Interrogé sur l’idée d’une guerre mondiale et sur un éventuel triomphe russe, Todd répond que les Américains chercheront à maintenir un statu quo qui leur permet de dissimuler leur défaite, mais que les Russes ne l’accepteront pas, conscients de leur supériorité industrielle et militaire directe, et de leur faiblesse démographique future.
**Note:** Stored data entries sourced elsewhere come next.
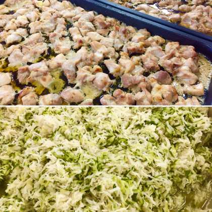 下段の写真は、焼きあがった鶏肉のてり焼きと、出来上がった切り干しだいこんのゆずの香あえです。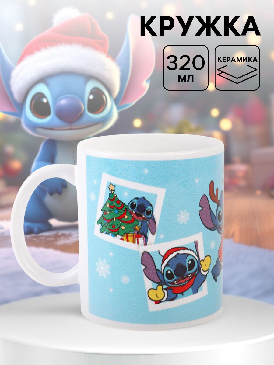 Кружка новогодняя сублимация 320 мл, Стич, 320 мл., Disney, Китай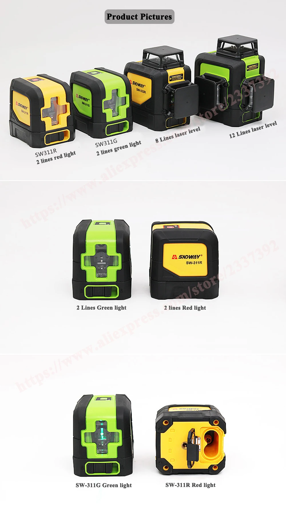 Лазер Sndway уровень самонивелирующийся (4 градуса) зеленый/красный луч 2 поперечные линии Горизонтальные и вертикальные поворотные высокой точности Nivel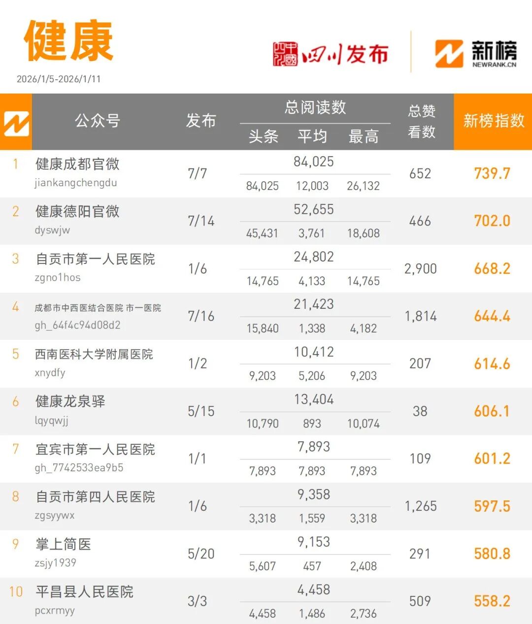 “健康成都官微”本周以84025次阅读量总数,739.7的新榜指数占据健康类榜单冠军宝座,“健康德阳官微”凭借52655阅读量总数,以702.0的新榜指数获得健康类榜单亚军。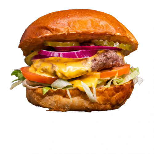Boeuf Charolais ,cheddar fondu, salade iceberg, tomate fraiche, oignons rouges, pickels ,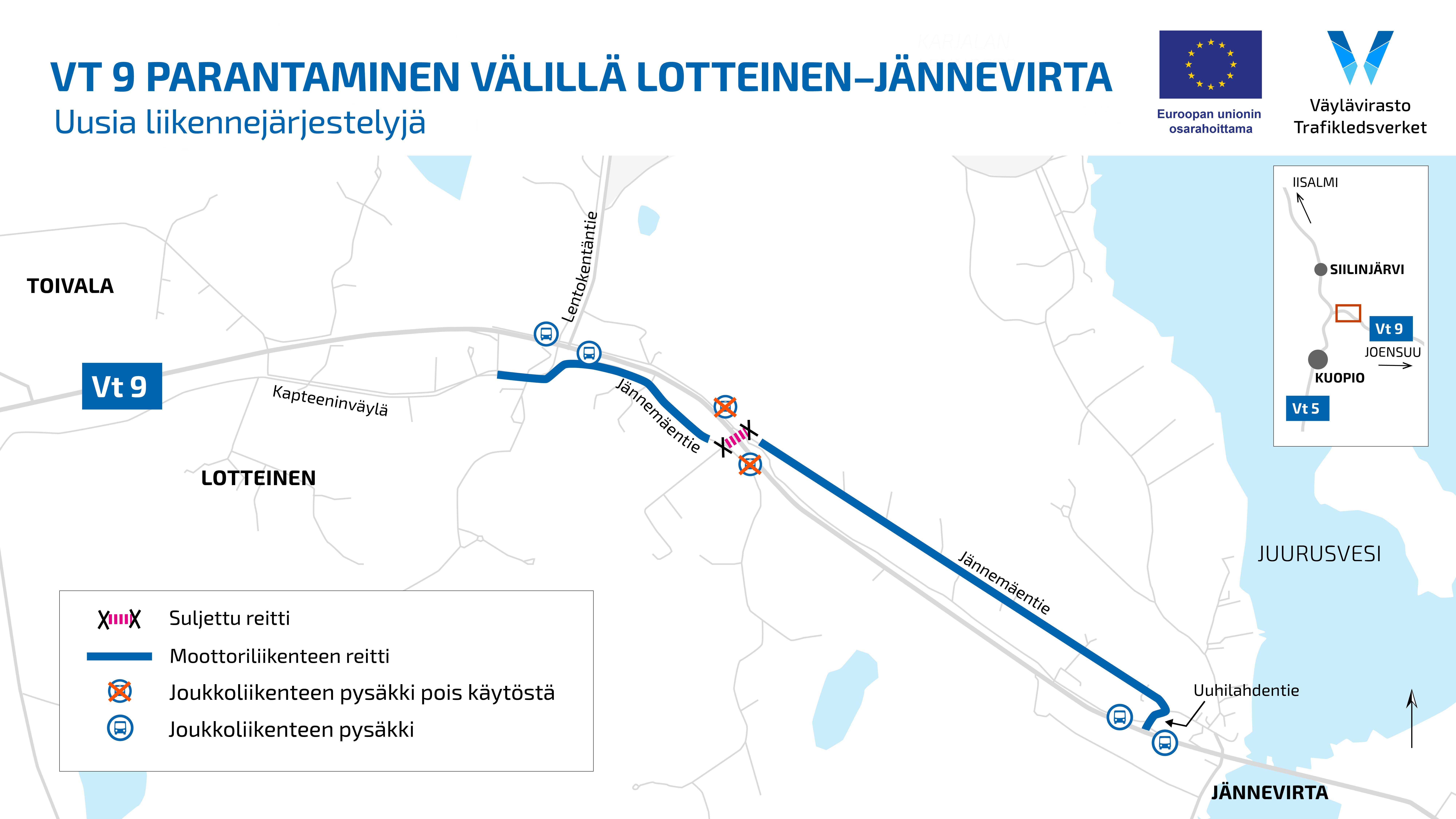 Jännemäentien läpikulku valtatie 9:n alta Marttilan alikulkukäytävää pitkin päättyy maanantaina 18.3.2024. Samalla viereiset linja-autopysäkit poistuvat käytöstä. Muutoksella pystytään erottamaan hankkeen työmaa ja liikenne toisistaan.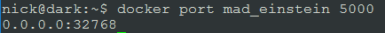 上圖中 mad_einstein 是容器的名字,32768 是容器的 5000 端口映射到主機上的端口。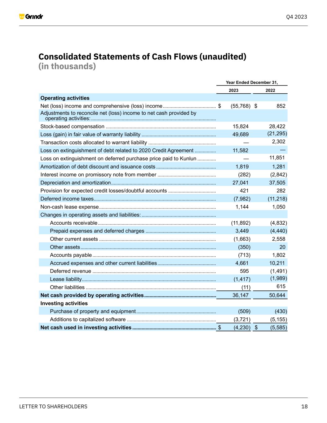 18LETTER TO SHAREHOLDERS Q4 2023 Unaudited Consolidated Statements of Cash Flows (amounts in thousands) Year Ended December 31, 2023 2022 Operating activities Net (loss) income and comprehensive (loss) income ......................................... $ (55,768) $ 852 Adjustments to reconcile net (loss) income to net cash provided by operating activities: ............................................................................................... Stock-based compensation .................................................................................... 15,824 28,422 Loss (gain) in fair value of warranty liability ......................................................... 49,689 (21,295) Transaction costs allocated to warrant liability .................................................... — 2,302 Loss on extinguishment of debt related to 2020 Credit Agreement ................. 11,582 — Loss on extinguishment on deferred purchase price paid to Kunlun ............... — 11,851 Amortization of debt discount and issuance costs .............................................. 1,819 1,281 Interest income on promissory note from member ............................................. (282) (2,842) Depreciation and amortization ................................................................................ 27,041 37,505 Provision for expected credit losses/doubtful accounts ..................................... 421 282 Deferred income taxes............................................................................................. (7,982) (11,218) Non-cash lease expense ......................................................................................... 1,144 1,050 Changes in operating assets and liabilities: ......................................................... Accounts receivable .......................................................................................... (11,892) (4,832) Prepaid expenses and deferred charges ...................................................... 3,449 (4,440) Other current assets ......................................................................................... (1,663) 2,558 Other assets ....................................................................................................... (350) 20 Accounts payable .............................................................................................. (713) 1,802 Accrued expenses and other current liabilities ............................................. 4,661 10,211 Deferred revenue .............................................................................................. 595 (1,491) Lease liability...................................................................................................... (1,417) (1,989) Other liabilities ................................................................................................... (11) 615 Net cash provided by operating activities ....................................................... 36,147 50,644 Investing activities Purchase of property and equipment ............................................................. (509) (430) Additions to capitalized software .................................................................... (3,721) (5,155) Net cash used in investing activities ................................................................ $ (4,230) $ (5,585) Consolidated Statements of Cash Flo s (unaudited) (in thousands)

Ainsi, le président Vladimir Poutine veut atteindre ses objectifs de guerre et préserver les réussites du stabilisateur de la société russe, mais sait que les Russes doivent renverser l’Ukraine et l’OTAN maintenant, sans leur accorder de répit.
Todd ajoute que le refus de l’Occident de réfléchir à la stratégie russe, à sa logique, à ses raisons, ses forces et ses limites a conduit à une cécité générale. Sur le plan militaire, le pire reste à venir pour les Ukrainiens et pour l’Occident, car la Russie veut retrouver 40 % du territoire ukrainien et neutraliser le régime de Kiev.
L’ère du zéro
Todd décrit la stabilité russe, puis se dirige vers l’Occident et analyse l’énigme de la société ukrainienne en décomposition qui a trouvé un sens dans la guerre, puis la nature contradictoire de la nouvelle russophobie dans les démocraties populaires, puis la crise de l’Union européenne et enfin la crise des nations anglo-saxonnes et scandinaves.
Ce parcours vers l’Occident nous emmène, selon l’expert, vers le cœur de l’instabilité mondiale. La protestantisme anglo-américain a atteint l’ère zéro de la religion, créant un trou noir où la peur du vide aux États-Unis se transforme en l’adoration du néant et en nihilisme.
En le questionnant sur le lien qu’il établit entre le déclin de l’Ouest et la disparition de la religion, surtout de la protestantisme, Todd précise qu’il ne donne pas son avis personnel mais en tant que sociologue des religions, satisfait d’avoir un indicateur précis pour identifier la transition de la religion d’un état de zombie à un état nul.
L’auteur souligne que le concept de religion zombie est la disparition de la foi tout en conservant l’éthique, les valeurs et les capacités de travail collectif héritées de la religion. Aujourd’hui, la religion a atteint l’état zéro tant redouté.
Malgré sa tolérance personnelle concernant la diversité des orientations sexuelles, il insiste sur le fait que la focalisation des classes moyennes occidentales sur des minorités extrèmes soulève une question sociale et historique, affirmant qu’il est biologiquement impossible qu’un homme devienne vraiment une femme et vice-versa, et que cela nie la réalité du monde, s’engouffrant ainsi dans l’illusion.